As part of her PhD research at Otago University, Dr Stefanie Grosser analysed ancient DNA from the remains of more than 100 little penguins, including bones dating back to pre-human times and specimens from archaeological deposits and museums.
"Amazingly, all of the bones older than 400 years belong to the native New Zealand species," she said.
Dr Grosser said the arrival apparently followed the decline of the native penguin, which early human settlers and introduced predators hunted.
The Australian species were set apart by a few subtle differences in their colour, body and cranium size.
Other researchers had previously shown that calls differed between Australian and New Zealand little penguins and females preferred the calls of males of their own species.
"You could say the Aussies like hearing 'feesh', while 'fush' sounds better to Kiwi ears," Dr Grosser joked at the time of the December findings.
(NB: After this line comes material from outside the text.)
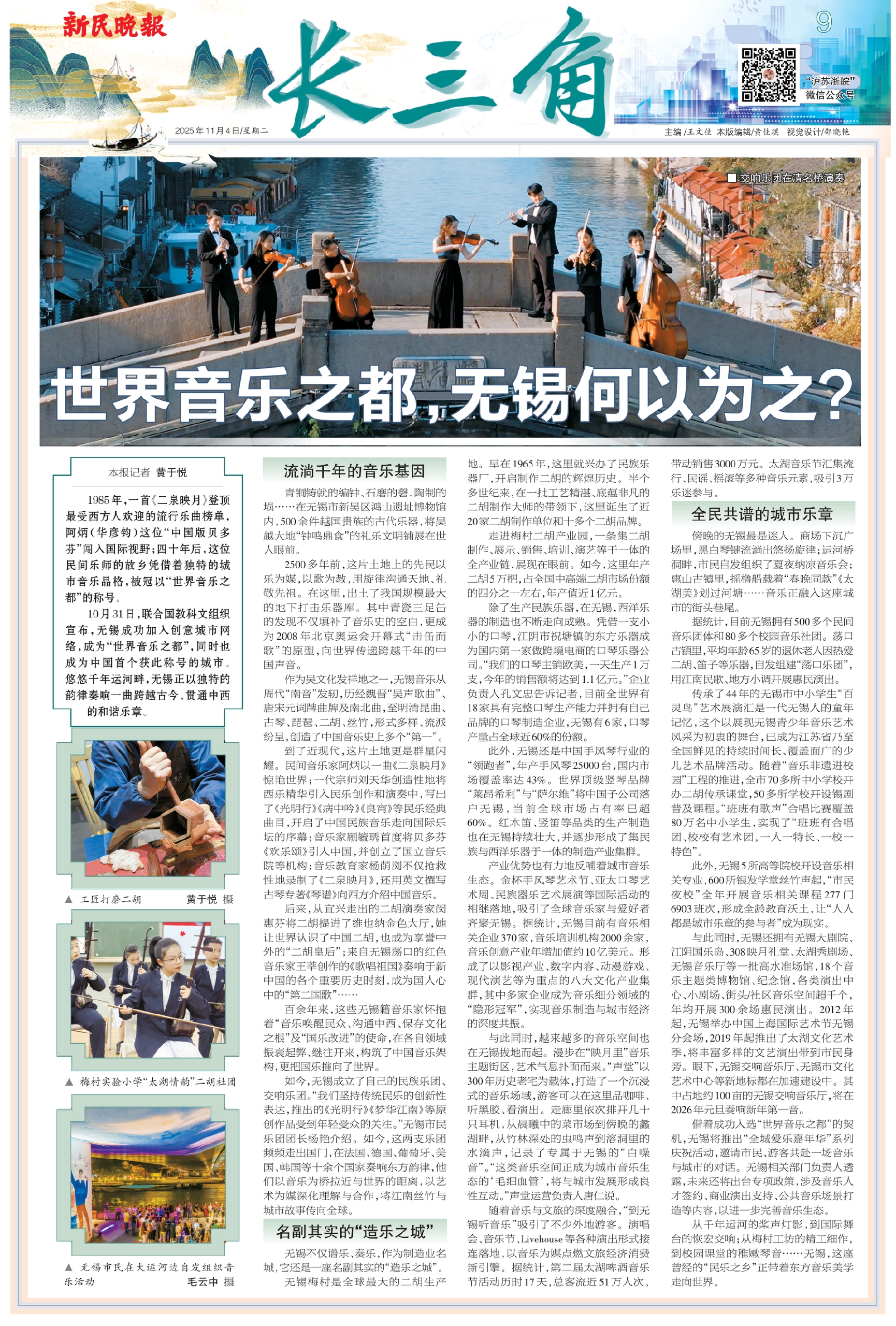从千年运河的桨声灯影,到国际舞台的恢宏交响;从梅村工坊的精工细作,到校园课堂的稚嫩琴音……无锡,这座曾经的“民乐之乡”正带着东方音乐美学走向世界。

But how they got here remains a mystery -- and one we might never solve.
"It's one of those unlikely events that they happened to rock up on the Otago coastline and got a foothold," said study leader Professor Jon Waters, of Otago University's Department of Zoology.
"You could make up a story that maybe an Australian ship picked up 10 and brought them over, but I'd find that really hard to believe."
The Australian sub-population appears confined to Otago. DNA analysis from other colonies, such as Wellington, Kaikoura and Banks Peninsula, turned up only the New Zealand lineage.
"It's possible we might find another colony of Aussies somewhere like Fiordland, we don't know."
Professor Waters believed the findings should bring about a different approach to the species' conservation.
"We have to think about them as being not one thing, but two, and manage them separately -- so there might be a real paradigm shift."
The native penguin, which on average stands at just 25cm and weighs 1kg, is considered in decline in New Zealand. Dogs pose their greatest threat.
The research, supported by the Marsden Fund and the now-closed Allan Wilson Centre, also provides the latest example of penguins winding up on foreign shores far from home.
Little blue penguins have been found as far as Patagonia in South America.
Other famous penguin stories have included the Antarctic emperor penguin Happy Feet, which captured Kiwi hearts after it arrived in Kapiti in 2011, and Katrina, a Fiordland penguin that swam 3000km to Mt Gambier, South Australia, in 2013.
How DNA has redefined our native species
The yellow-eyed penguin
DNA analysis and carbon-dating led to findings published last year that revealed a change-over between the yellow-eyed penguin and another penguin species that became extinct around the same time as the moa.
An Otago University team showed the waitaha, which was slightly smaller than the yellow-eyed penguin, vanished within 200 years of Polynesian settlement of New Zealand, before 1500AD.
In one of the most rapid biological transition events documented, the yellow-eyed penguin, or hoiho -- considered one of the world's rarest penguin species with a population of between 6000 and 7000 -- moved to the mainland from the subantarctic islands and replaced the waitaha within just a few decades, in the early 1500s.
The New Zealand sea lion
That research had fascinating parallels with the fate of a pre-historic species of New Zealand sea lion, which once dominated South Island shores before they became extinct as recently as between 1300 and 1500AD, soon after Polynesian settlement.
DNA analysis reported in 2014 showed their place on the New Zealand mainland was quickly taken by today's modern population, which was previously limited to the cold waters of the subantarctic.
The kiwi
2014 was also the year that scientists corrected the shocking suggestion that our national bird arrived here when its winged ancestor flew in from Australia.
The 150-year-old mystery was finally solved by DNA sequencing that revealed the bird was more closely related to the extinct, 2.3m tall elephant bird, a native of Madagascar.
The moa
A separate study in 2014 put even more genetic distance between the extinct moa and their old bush mates, the kiwi.
DNA-based research led by New Zealand scientist Professor Allan Baker suggested the giant birds were more closely related to a flying South American bird still alive today than our national icon.
The South American tinamous, one of the world's most ancient living groups of bird, can fly and are not categorised as ratites, but are considered close relatives because of the shared structure of their palate bones.